Records shown: Begin

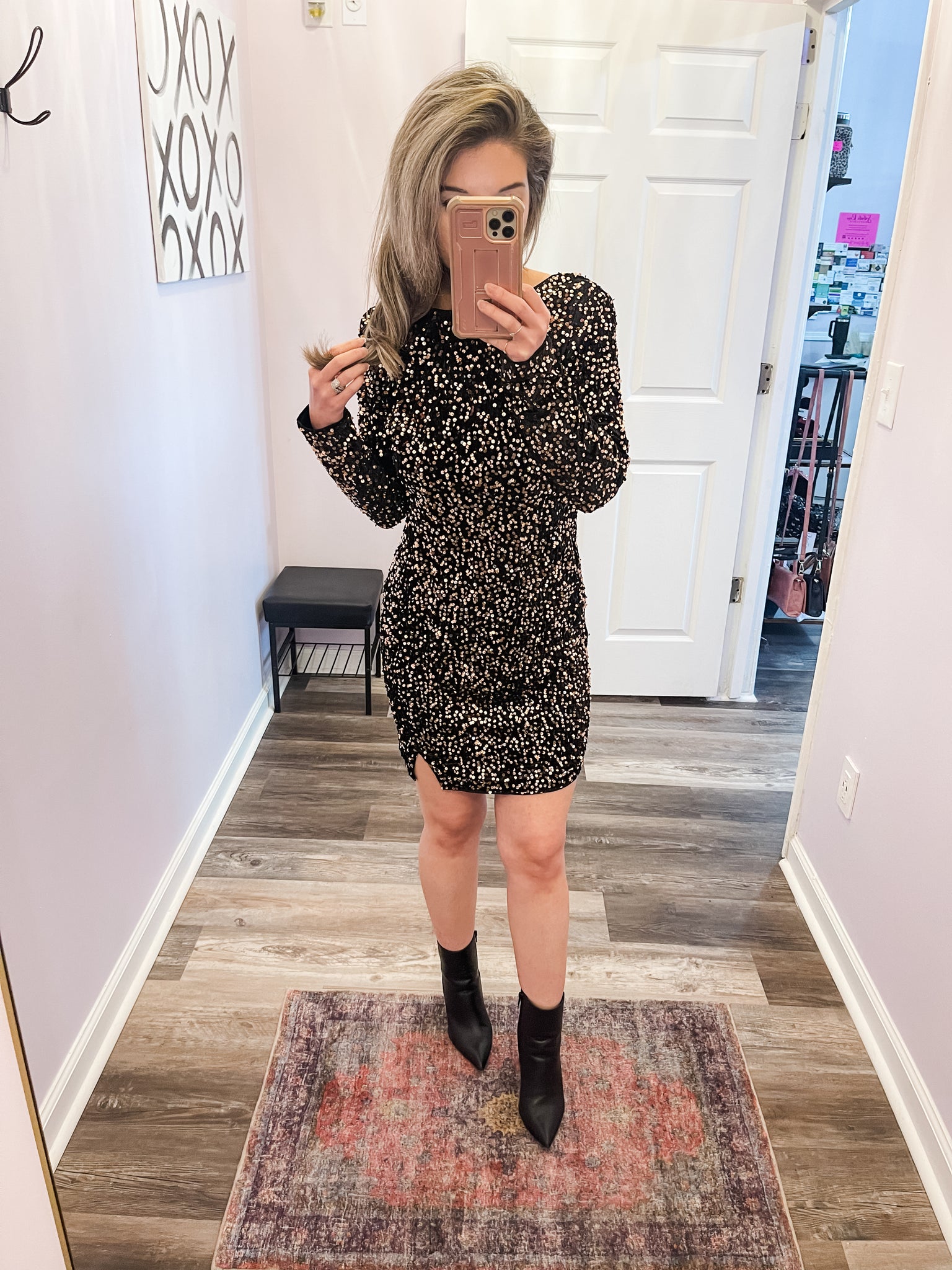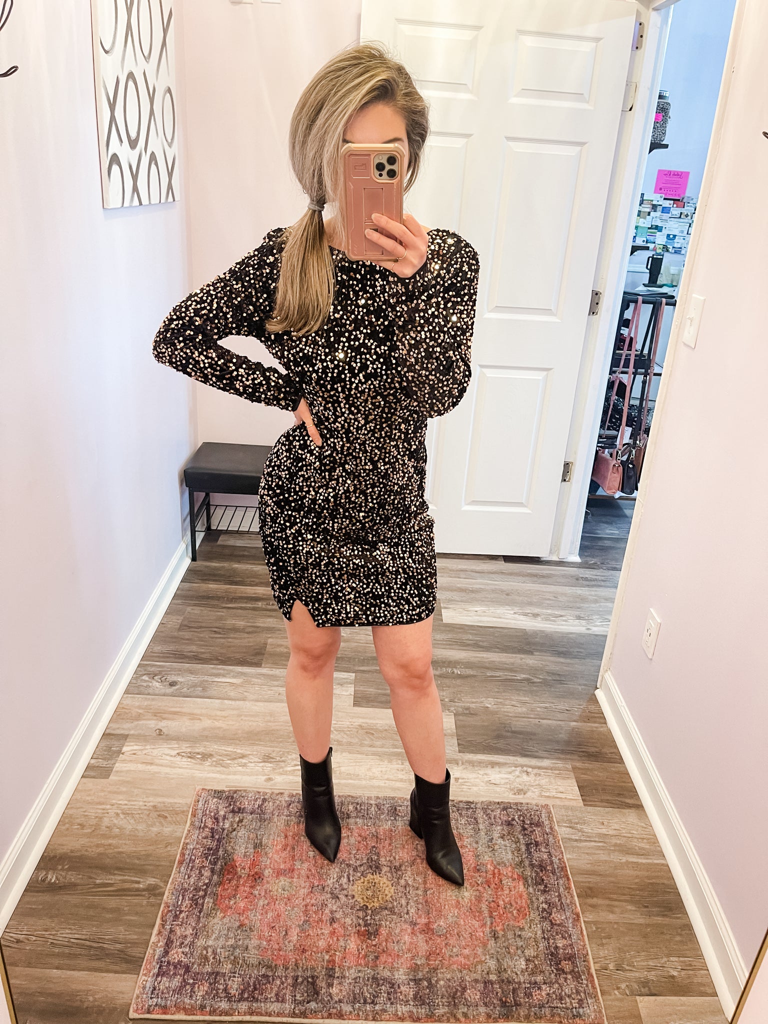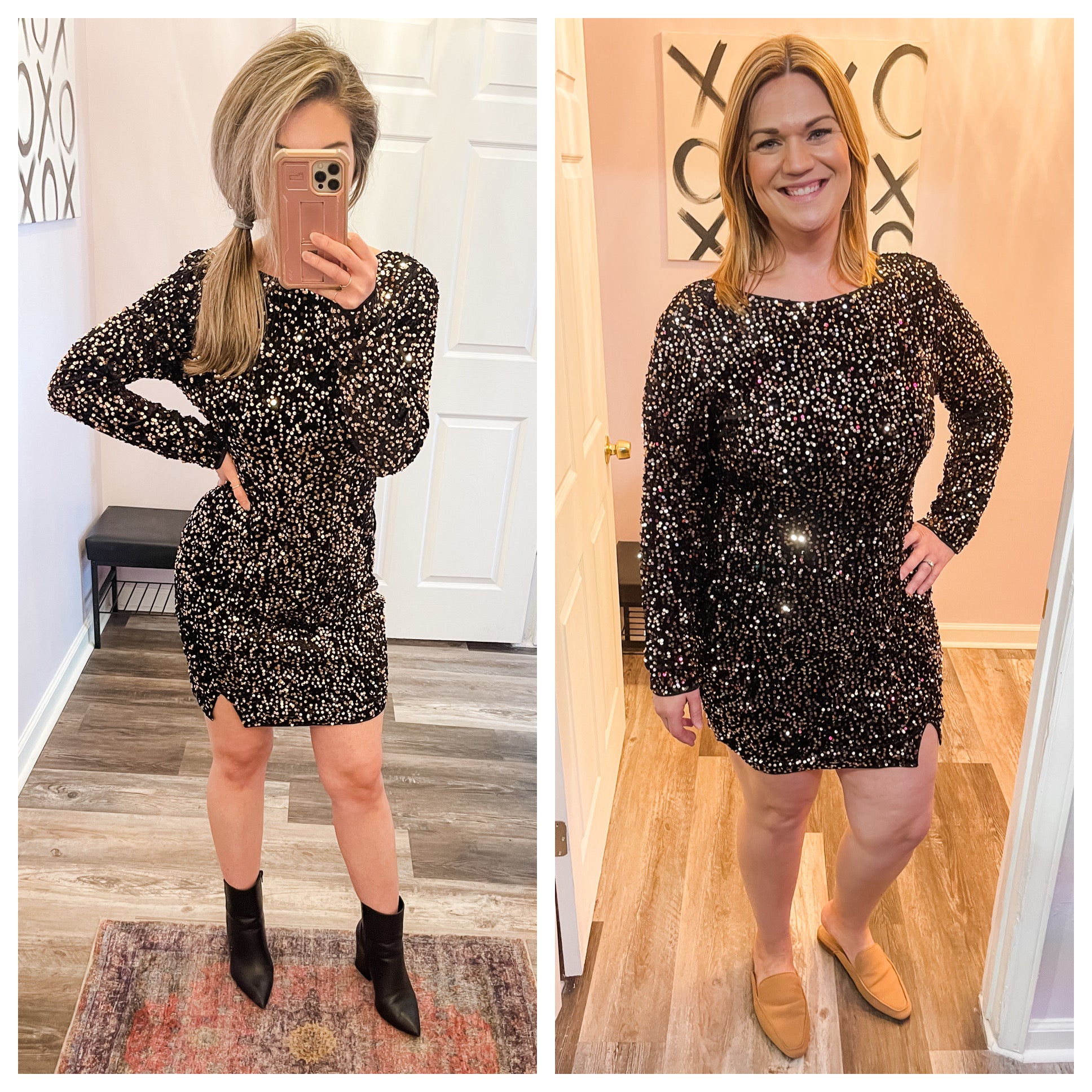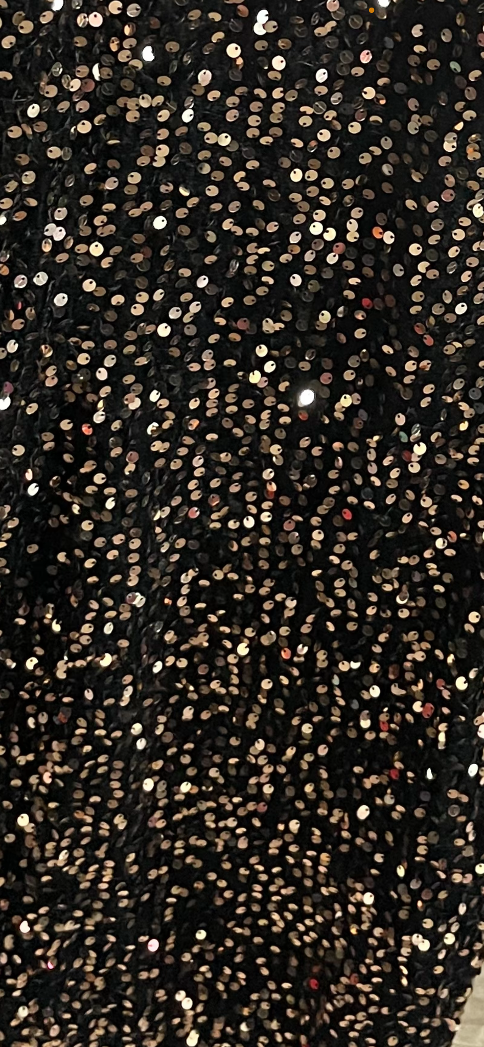 Feel cute and stylish in this black velvet like & dark golden brown sequin slit dress! Dress it up or down. Wear to a work party, birthday bash, out with friends, or on a Holiday! Completely lined! Back has zipper and a self tie! Some stretch. True to size.
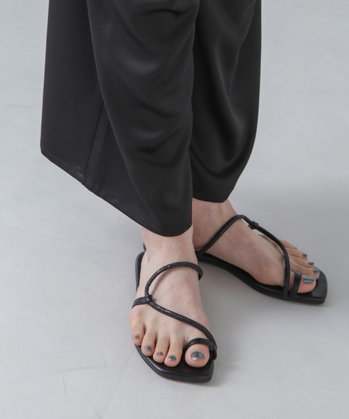 NANO universe(ナノ・ユニバース)『上品な煌めきを添えるラインストーン』肌面積の多いヌーディーなルックスが、抜け感たっぷりのフラットサンダル。キラキラしたラインストーンのディテールが、アクセサリーのような華やぎを演出します。シンプルなのでカジュアルからキレイ目まで幅広いスタイルに合わせられるのも魅力的。重く見えがちなロング丈のボトムに合わせるだけで、女性らしさが高まる逸品です。―DETAIL―・肌面積の多いヌーディーなルックスが、抜け感たっぷりのサンダル・アクセサリーのような華やぎを添えるキラキラしたラインストーン・カジュアルからキレイ目まで幅広いスタイルにマッチ・スタイリングのアクセントになるプラスワンアイテム・歩きやすく疲れにくいフラットソール【対応サイズ】【36】22.5cm【37】23.5cm【38】24.5cm■取り扱い方法エスカレーター、自動ドア等、本品が巻き込まれやすい場所での着用は十分ご注意ください。火気付近、または高温になる場所での着用、保管はおやめください。変形の恐れがあります。濡れた路面、凍結路面、マンホール、タイル床等では転倒の危険がありますのでご注意ください。通常の用途以外でのご利用は商品破損の原因となりますのでお控えください。乾燥はタオルドライまたは陰干しして下さい。変形の恐れがあるため、ストーブやドライヤーなど高温になるものに近づけると機能の低下を招くほか、膨張・破裂の恐れがあります。▼商品のお気に入り登録お気に入りアイテムの再入荷や残り1点の通知を受け取ることができます。▼ブランドのお気に入り登録新作アイテムの入荷や人気アイテムの再入荷、タイムセールやクーポンなど、いち早くブランドのお得な情報を受け取ることができます。※サンプルにて撮影、採寸を行う為、実際にお届けする商品と仕様やサイズが異なる場合がございます。予約時は生産の都合上、お届け予定時期が前後する場合もございますので、予めご了承下さい。
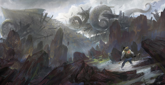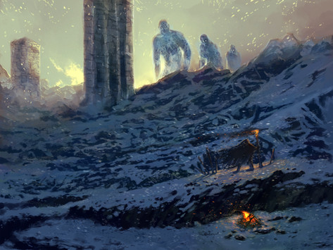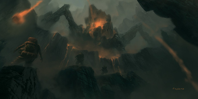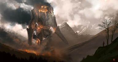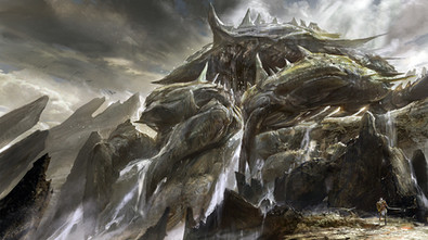 Man, the sense of scale for this creature is just great. It's amazing how you accomplished it by simply having that city in the distance being just down the river from its path. You can already tell that only one of its six legs could crush it. What hope do these two knights have against such a creature?
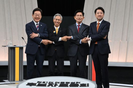 왼쪽부터 이재명 더불어민주당 후보, 권영국 민주노동당 후보, 김문수 국민의힘 후보, 이준석 개혁신당 후보가 지난 27일 서울 마포구 상암동 MBC 스튜디오에서 진행된 정치 분야 TV토론회에 앞서 포즈를 취하고 있다. [사진 출처 = 국회사진기자단] |
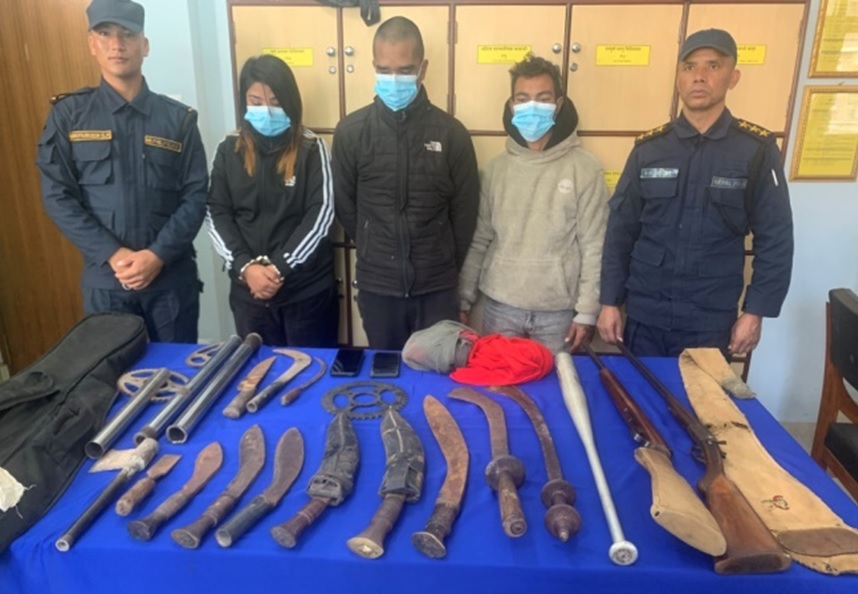 उनीहरूले मंसिर १६ गते ताहाचल बस्ने ७४ वर्षीया पुष्पा जोशीको घरबाट हतियारहरू चोरी गरेको आरोप छ।
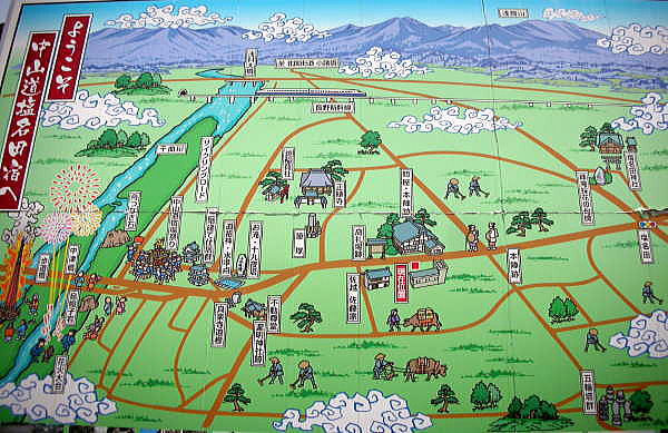 旧中山道、信州宿場探訪の2日目(2015年5月5日)は、地元の軽井沢の追分宿から昨日最後の探訪となった望月宿の次の宿である八幡宿までを探訪する琴とした。 以下が中山道六十九次の宿場リストのうち小豆色の部分が2日の視察予定の宿場です。

Records shown: End

== Problem details ==
Return the records word for word, leaving every picture out of the copy.

== Exercise response ==
 Feel cute and stylish in this black velvet like & dark golden brown sequin slit dress! Dress it up or down. Wear to a work party, birthday bash, out with friends, or on a Holiday! Completely lined! Back has zipper and a self tie! Some stretch. True to size.
 NANO universe(ナノ・ユニバース)『上品な煌めきを添えるラインストーン』肌面積の多いヌーディーなルックスが、抜け感たっぷりのフラットサンダル。キラキラしたラインストーンのディテールが、アクセサリーのような華やぎを演出します。シンプルなのでカジュアルからキレイ目まで幅広いスタイルに合わせられるのも魅力的。重く見えがちなロング丈のボトムに合わせるだけで、女性らしさが高まる逸品です。―DETAIL―・肌面積の多いヌーディーなルックスが、抜け感たっぷりのサンダル・アクセサリーのような華やぎを添えるキラキラしたラインストーン・カジュアルからキレイ目まで幅広いスタイルにマッチ・スタイリングのアクセントになるプラスワンアイテム・歩きやすく疲れにくいフラットソール【対応サイズ】【36】22.5cm【37】23.5cm【38】24.5cm■取り扱い方法エスカレーター、自動ドア等、本品が巻き込まれやすい場所での着用は十分ご注意ください。火気付近、または高温になる場所での着用、保管はおやめください。変形の恐れがあります。濡れた路面、凍結路面、マンホール、タイル床等では転倒の危険がありますのでご注意ください。通常の用途以外でのご利用は商品破損の原因となりますのでお控えください。乾燥はタオルドライまたは陰干しして下さい。変形の恐れがあるため、ストーブやドライヤーなど高温になるものに近づけると機能の低下を招くほか、膨張・破裂の恐れがあります。▼商品のお気に入り登録お気に入りアイテムの再入荷や残り1点の通知を受け取ることができます。▼ブランドのお気に入り登録新作アイテムの入荷や人気アイテムの再入荷、タイムセールやクーポンなど、いち早くブランドのお得な情報を受け取ることができます。※サンプルにて撮影、採寸を行う為、実際にお届けする商品と仕様やサイズが異なる場合がございます。予約時は生産の都合上、お届け予定時期が前後する場合もございますので、予めご了承下さい。
 Man, the sense of scale for this creature is just great. It's amazing how you accomplished it by simply having that city in the distance being just down the river from its path. You can already tell that only one of its six legs could crush it. What hope do these two knights have against such a creature?
 왼쪽부터 이재명 더불어민주당 후보, 권영국 민주노동당 후보, 김문수 국민의힘 후보, 이준석 개혁신당 후보가 지난 27일 서울 마포구 상암동 MBC 스튜디오에서 진행된 정치 분야 TV토론회에 앞서 포즈를 취하고 있다. [사진 출처 = 국회사진기자단] |
 उनीहरूले मंसिर १६ गते ताहाचल बस्ने ७४ वर्षीया पुष्पा जोशीको घरबाट हतियारहरू चोरी गरेको आरोप छ।
 旧中山道、信州宿場探訪の2日目(2015年5月5日)は、地元の軽井沢の追分宿から昨日最後の探訪となった望月宿の次の宿である八幡宿までを探訪する琴とした。 以下が中山道六十九次の宿場リストのうち小豆色の部分が2日の視察予定の宿場です。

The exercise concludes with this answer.